As such, I considered this way of working not as open as possible since the generated code is by definition not transparent and highly subject to change at re-generation. Specifically the re-generation invalidates the claim that it is possible to change the code by hand “if you don’t like the generated code”.

All those considerations lead to the decision to go for a stream-based meta-data driven engine. That decision comes with many advantages and a few possible drawbacks. There are things to consider, implications towards databases, etc. It’s only honest to say that there probably isn’t a perfect solution anyway.
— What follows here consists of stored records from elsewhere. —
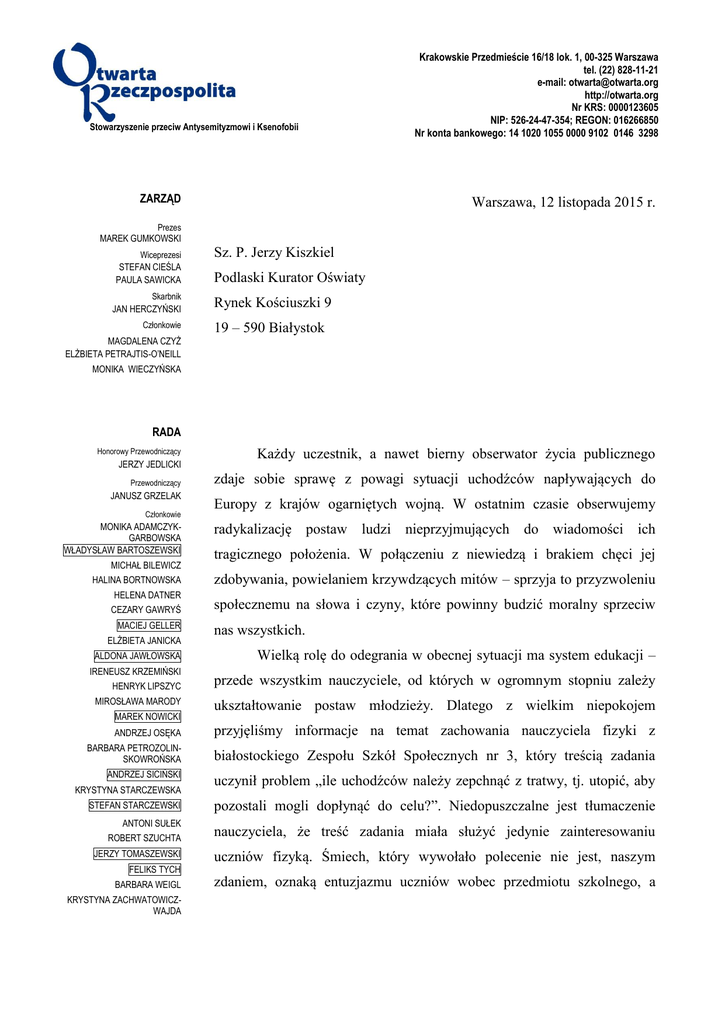 Stowarzyszenie przeciw Antysemityzmowi i Ksenofobii ZARZĄD Krakowskie Przedmieście 16/18 lok. 1, 00-325 Warszawa tel. (22) 828-11-21 e-mail: [email protected] http://otwarta.org Nr KRS: 0000123605 NIP: 526-24-47-354; REGON: 016266850 Nr konta bankowego: 14 1020 1055 0000 9102 0146 3298 Warszawa, 12 listopada 2015 r. Prezes MAREK GUMKOWSKI Wiceprezesi STEFAN CIEŚLA PAULA SAWICKA Skarbnik JAN HERCZYŃSKI Członkowie MAGDALENA CZYŻ ELŻBIETA PETRAJTIS-O’NEILL Sz. P. Jerzy Kiszkiel Podlaski Kurator Oświaty Rynek Kościuszki 9 19 – 590 Białystok MONIKA WIECZYŃSKA RADA Honorowy Przewodniczący JERZY JEDLICKI Przewodniczący JANUSZ GRZELAK Członkowie MONIKA ADAMCZYKGARBOWSKA WŁADYSŁAW BARTOSZEWSKI MICHAŁ BILEWICZ HALINA BORTNOWSKA HELENA DATNER CEZARY GAWRYŚ MACIEJ GELLER ELŻBIETA JANICKA ALDONA JAWŁOWSKA IRENEUSZ KRZEMIŃSKI HENRYK LIPSZYC MIROSŁAWA MARODY MAREK NOWICKI Każdy uczestnik, a nawet bierny obserwator życia publicznego zdaje sobie sprawę z powagi sytuacji uchodźców napływających do Europy z krajów ogarniętych wojną. W ostatnim czasie obserwujemy radykalizację postaw ludzi nieprzyjmujących do wiadomości ich tragicznego położenia. W połączeniu z niewiedzą i brakiem chęci jej zdobywania, powielaniem krzywdzących mitów – sprzyja to przyzwoleniu społecznemu na słowa i czyny, które powinny budzić moralny sprzeciw nas wszystkich. Wielką rolę do odegrania w obecnej sytuacji ma system edukacji – przede wszystkim nauczyciele, od których w ogromnym stopniu zależy ukształtowanie postaw młodzieży. Dlatego z wielkim niepokojem ANDRZEJ OSĘKA przyjęliśmy informacje na temat zachowania nauczyciela fizyki z BARBARA PETROZOLINSKOWROŃSKA białostockiego Zespołu Szkół Społecznych nr 3, który treścią zadania ANDRZEJ SICIŃSKI KRYSTYNA STARCZEWSKA STEFAN STARCZEWSKI ANTONI SUŁEK ROBERT SZUCHTA JERZY TOMASZEWSKI FELIKS TYCH BARBARA WEIGL KRYSTYNA ZACHWATOWICZWAJDA uczynił problem „ile uchodźców należy zepchnąć z tratwy, tj. utopić, aby pozostali mogli dopłynąć do celu?”. Niedopuszczalne jest tłumaczenie nauczyciela, że treść zadania miała służyć jedynie zainteresowaniu uczniów fizyką. Śmiech, który wywołało polecenie nie jest, naszym zdaniem, oznaką entuzjazmu uczniów wobec przedmiotu szkolnego, a świadectwem niedojrzałości, której ignorowanie może prowadzić do moralnego zobojętnienia na ludzką krzywdę. Nelson Mandela mówił, że „edukacja jest najpotężniejszą bronią, której możemy użyć, aby zmienić świat”. Dlatego zwracamy się do Pana nie tylko o wyciągnięcie konsekwencji wobec pedagoga, ale przede wszystkim z prośbą o zainicjowanie działań edukacyjnych, zarówno wobec uczniów jak i dla nauczycieli, które uniemożliwią szerzenie się i propagowanie takich postaw. W obecnej sytuacji potrzeba rzetelnej informacji i rzeczowej dyskusji jest potrzebą palącą. Marek Gumkowski Prezes Stowarzyszenia Otwarta Rzeczpospolita
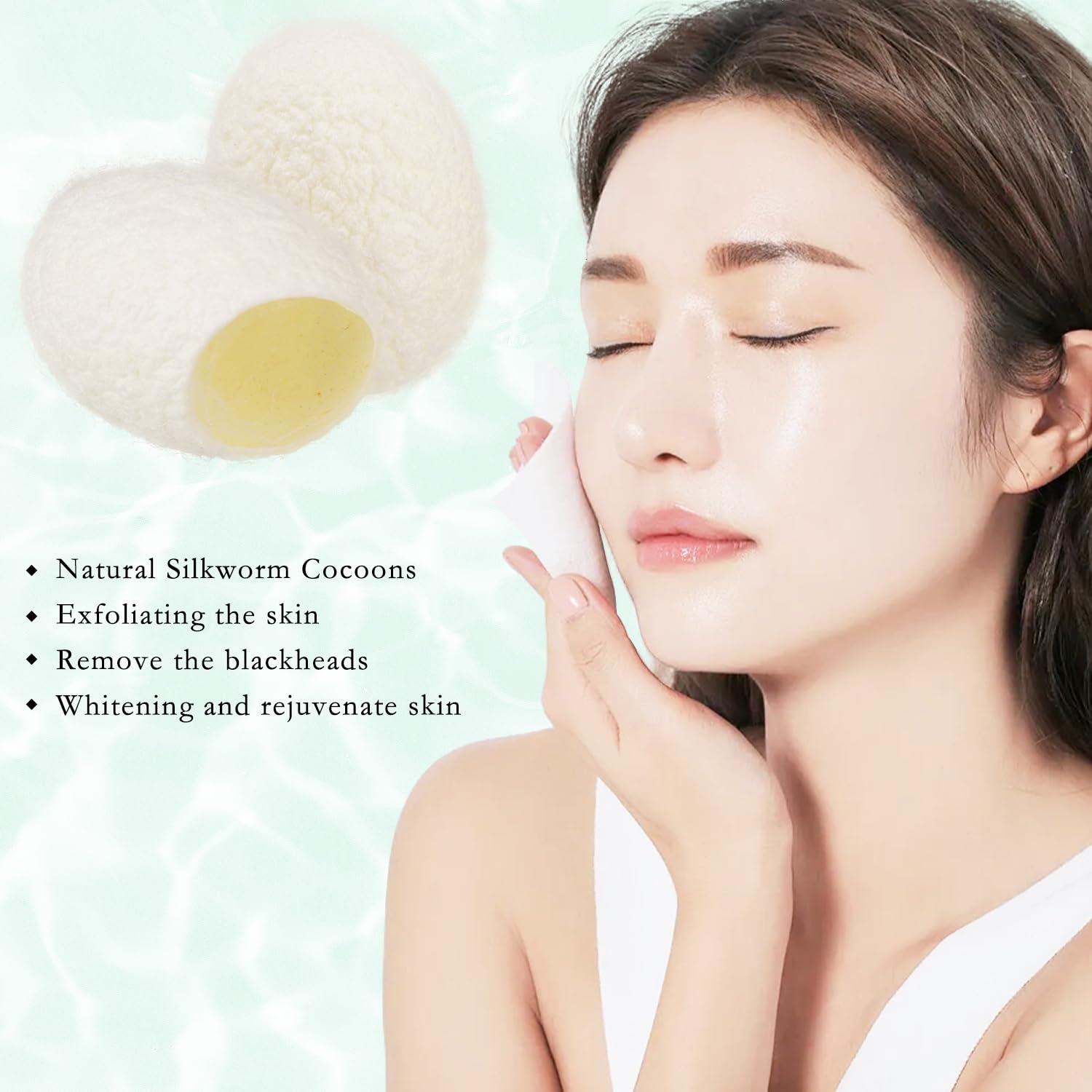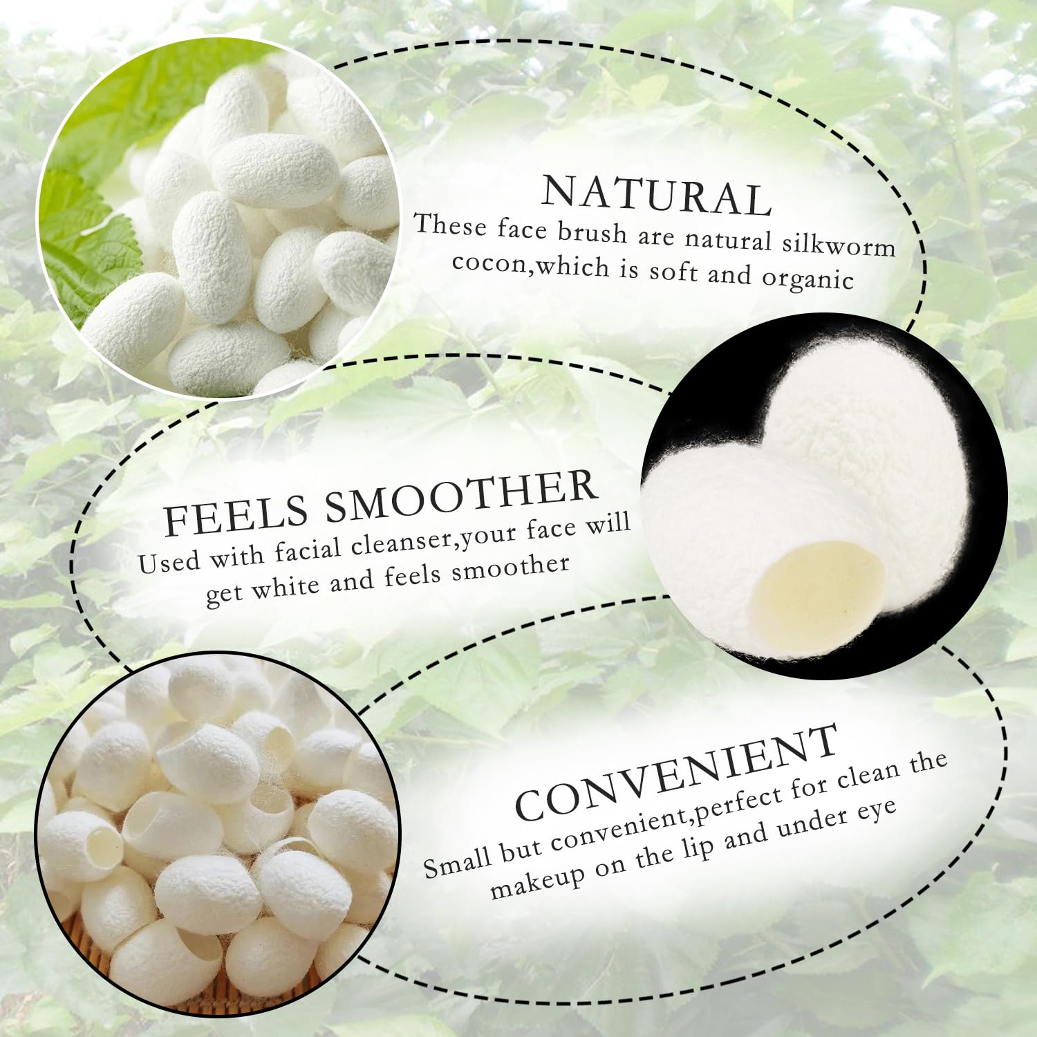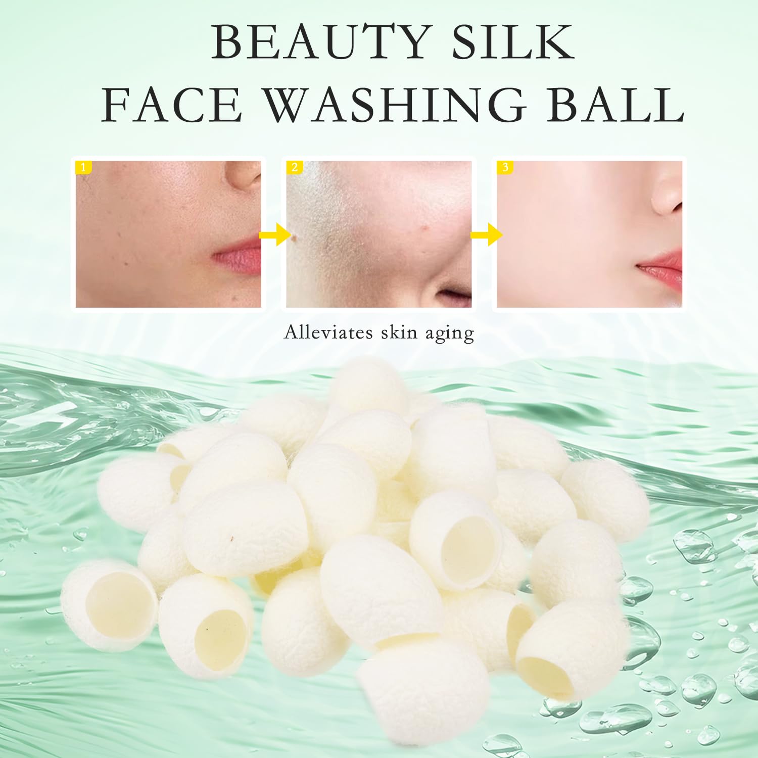 【How to Use】Just Soak the Cocoon Cleaning Ball in 50-Degree Water for 10 Minutes. When the Cocoon Is Moist and Soft, Put the Cocoon on Your Fingertips.clean your cheeks, Silk cleansing balls suitable for all skin types.
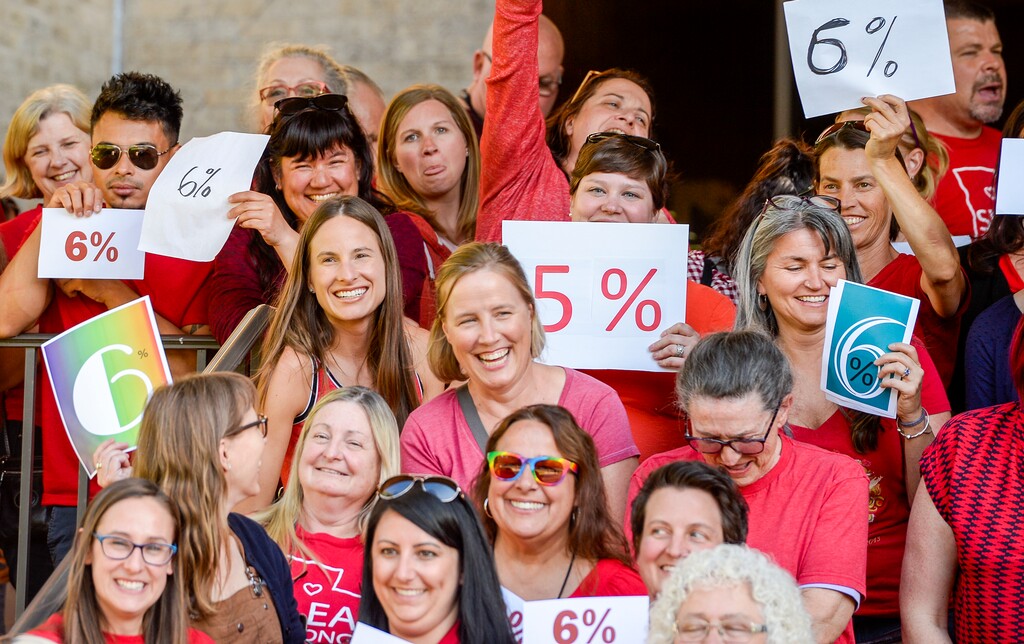 Teachers held their first protest in June, walking out of a board meeting on the night before the last day of school with signs that said “6%” — indicating the raise they wanted. They rallied again a few weeks later outside a district meeting, chanting: “Cut our funding, and we’ll go job hunting.”
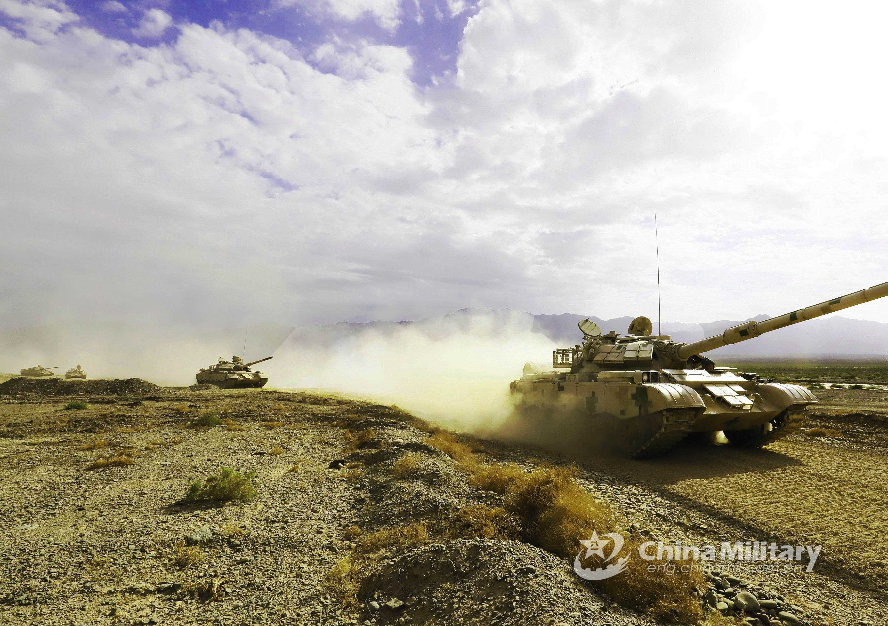 The armored tanks attached to a combined arms brigade under the 77th Group Army gallop in formation at full speed in the wilds during the maneuver training on May 26, 2021. (eng.chinamil.com.cn/Photo by Guo Yuhui)
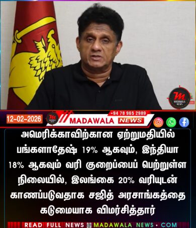 அமெரிக்காவிற்கான ஏற்றுமதியில் பங்களாதேஷ் 19% ஆகவும், இந்தியா 18% ஆகவும் வரி குறைப்பைப் பெற்றுள்ள நிலையில், இலங்கை 20% வரியுடன் காணப்படுவதாக சஜித் அரசாங்கத்தை கடுமையாக விமர்சித்தார்.
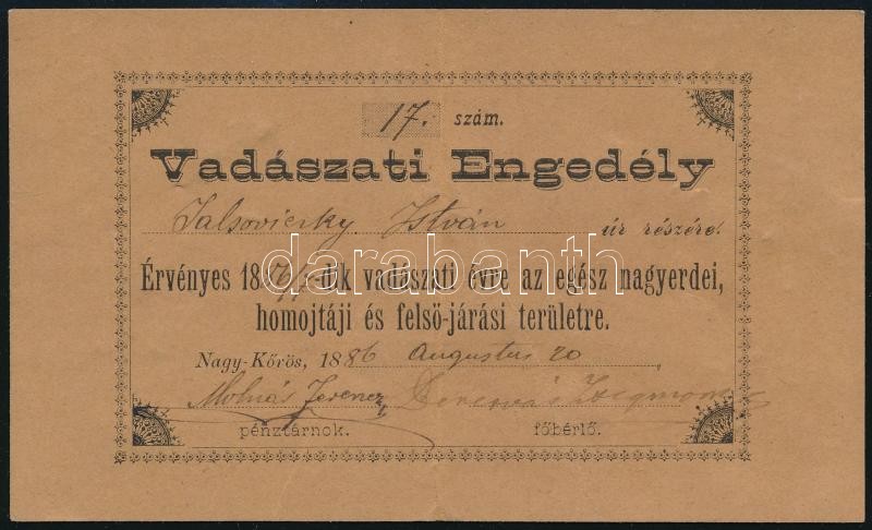 Leírás: 1886 Vadászengedély a nagyerdei, homojtáji és felső-járási területre
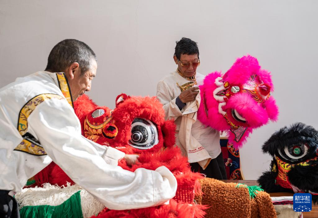 在位于西藏昌都市洛隆縣碩督鎮(zhèn)碩督村的家中,鄧巴阿尼(右)在擦拭獅子舞道具(1月19日攝)。新華社記者 孫非 攝
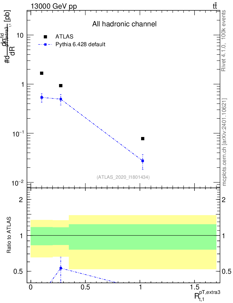 Lines: data, pythia6 6.428 default |
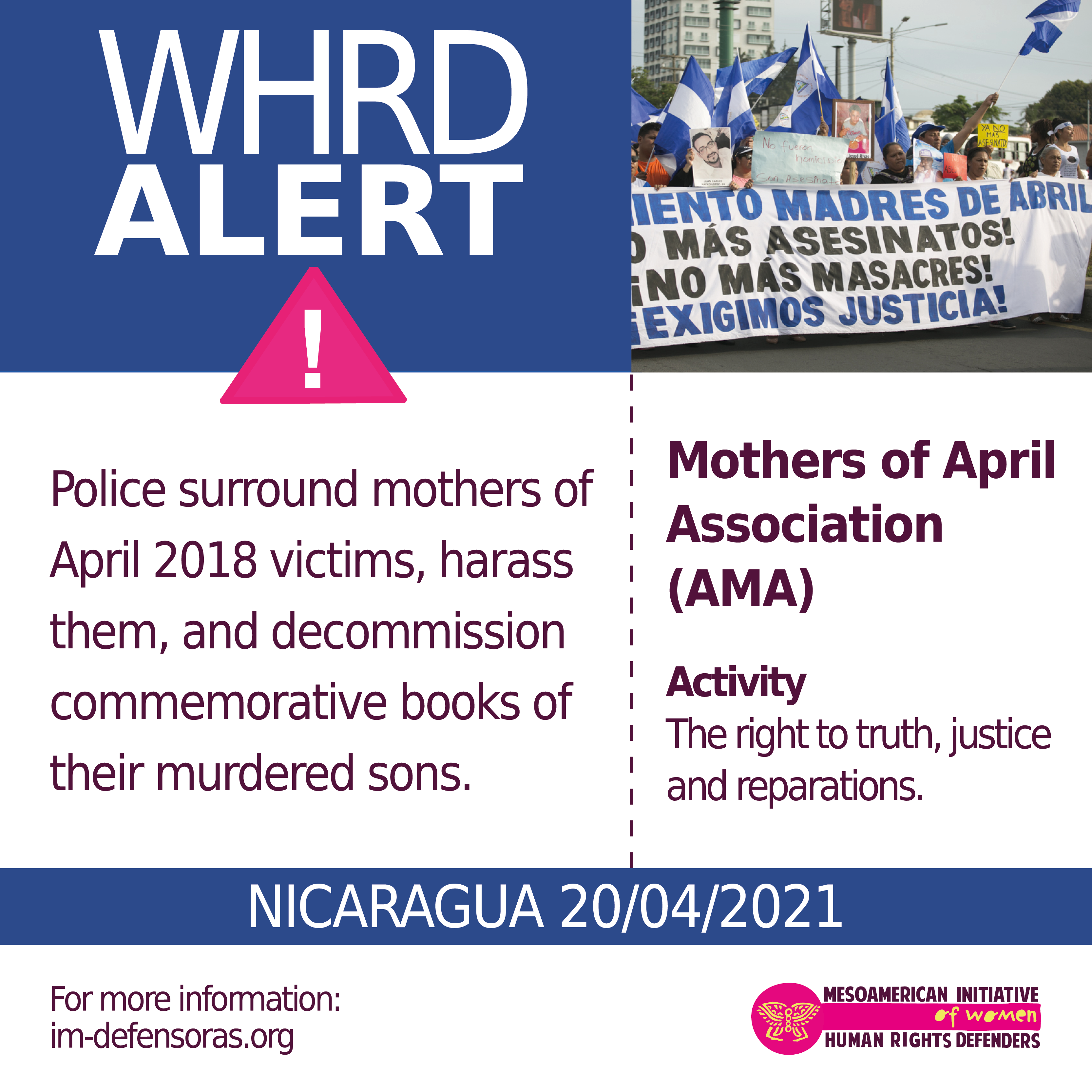 On Monday, April 19, a group of women defenders belonging to the Mothers of April Association (AMA) in Masaya and Carazo were surrounded and harassed by police agents at a bus stop outside the Central American University (UCA). The agents decommissioned their commemorative books published to demand truth, justice and reparations for the murders of their children during the social uprising of April 18, 2018. The police searched the mothers’ bags, spoke to them aggressively, threatened to detain them, and told them that they had their addresses.

Our engine is not perfect either, let’s take a look at a few specific issues areas regarding databases.  Let’s also see how we handle those issues when they occur.

RDBMS / ELT

Even though splitting tasks up into different pieces allows you to run a lot of things in parallel, there is an overhead because you need to pass data from one step to another.  We also suffer because we don’t have random access to all the data like an RDBMS does. Because of that it is not unheard of for us to recommend that you run joins or sorts on the database server where the data is coming from. A database can typically sort faster because it does have random access to all the data.  As such it can sort indexes and doesn’t have to go through all the data.

By allowing the Kettle user/developer to execute whatever SQL of procedure he or she wishes we are again as open as possible to this scenario.

Now, there are people that take this to the extreme to point to the miracles of ELT. Well, let me give another view on that. Suppose you wrote a nice ELT program and everything is being processed on the database server. While that might a little bit faster on occasion, chances are very high that either one of these conditions is going to occur:

  • the database server is not tuned for high CPU load (rather for I/O)
  • the source system you are reading from is already too occupied
  • parallelism is low or non-existing in a typical stored procedure
  • stored procedure languages are typically interpreted byte-code languages and CPU-wise pretty slow/costly.
  • debugging becomes very hard or impossible
  • you hit some limit on the database (there are many, even on Oracle), even long after you went live with your solution simply because tables and indexes grow.
  • deployment must be carefully managed or something goes wrong with that: stale/not-compiled procedures because tables changed, referenced functions changed, etc)

Personally I have faced all of these issues and a few more too. I had enough reasons to skip ELT completely at the time. Heck, I still don’t like it and personally I think for all the right reasons. This is going to sound harsh, but the reasoning I had and still have to some extent is that if you can’t write an SQL query, I don’t think you should be doing any heavy database lifting. Let the database do what it does best and do the rest outside of the database: pick the best tool for the job.

Latency

One other possible problem regarding databases is latency. Since we don’t run inside the database engine we can feel it at times. Sometimes is not a problem and sometimes it is. Calls to the database have a certain turn-around time. We solve that for the better part by allowing you to launch multiple copies of a step in parallel. The “Database Lookup” step comes to mind here. This effectively opens multiple connections to the database and reduces overall latency.  Of course a bigger reduction of latency is obtained with the use of memory lookups and large caches in PDI.  In a lot of cases, it’s even faster to lookup the data in an in-memory cache than doing a join on the database.  Again, you should pick the right tool for the job.

Conclusion

As we keep pushing our platform forward with many (many!) new things in the pipe-line, we sometimes forget why certain choices where made and how we arrived where we are today. Well, I for one am happy to say that 6 years after the decision to go with the current Kettle architecture, I’m still very happy with it and so should you 😉

Until tomorrow,

Matt

P.S. This is a re-hash of some of my opinions in a post over on Marc Russel’s blog.